"Advances in materials science such as in biomedical and energy conversion devices increasingly rely on computational techniques and modeling," Heinz said. "In particular, interfaces at the nanoscale are difficult to characterize experimentally, such as charge transport mechanisms in solar cells, the formation of biominerals, and self-assembly of polymers in multi-component materials. Model building and simulation are critical to understand dynamic processes across the length and time scales."
This summer, Heinz received $430,000 for two years of research funding from the National Science Foundation's prestigious CAREER award program. Heinz and his research team are taking an interdisciplinary approach using concepts from physics, chemistry, biology, polymer science and engineering, as well as computation and statistical mechanics. The grant supports the development of new computational tools to understand biotic-abiotic interactions at the molecular level, as well a team of student researchers, ranging from graduates and undergraduates to high school pupils.

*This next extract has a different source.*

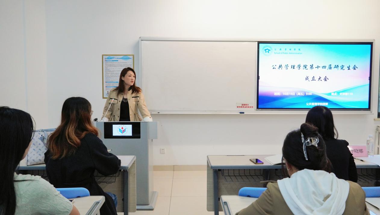 最后,院学工办主任、团委书记李晓娜与结合自己学生工作的生动实例,与大家分享了自己在学生干部发挥作用方面的看法,强调同学们要在工作中重视服务意识、奉献精神,不断发挥自身聪明才智,为服务研究生团体、服务学院做贡献。同时,她也从重视个人道德品质,塑造个人品格方面为同学们提出了要求,督促同学们积极学习、提升能力、担当责任、重视细节,以当代青年的饱满热情和卓越能力,在研究生会的学习生活中发光发热,绽放青春色彩。
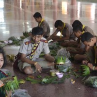 นายชำนาญ โพธิ์เอม ผู้อำนวยการโรงเรียนวัดเสาธงกลาง คณะครูและนักเรียนโรงเรียนวัดเสาธงกลางร่วมกันจัดทำกระทงจากวัสดุธรรมชาติ เพื่อร่วมทำบุญกับวัดเสาธงกลาง จำนวน 400 ใบ ในการนี้ท่านผู้อำนวยการยังนำทีมคณะครูโรงเรียนวัดเสาธงกลางไปช่วยวัดจำหน่ายกระทงเพื่อหารายได้เข้าวัดอีกด้วย

"We have carried out quantitative molecular simulations of inorganic-organic interfaces in excellent agreement with experimental results and developed accurate molecular models for inorganic components," Heinz explained. "These concepts serve as a starting point for understanding biomineralization processes and the performance of hybrid photovoltaic cells, as current examples. Our research efforts aim at complementing experimental results by molecular-level models to intelligently design (bio)molecules, interfaces, and, ultimately, devices."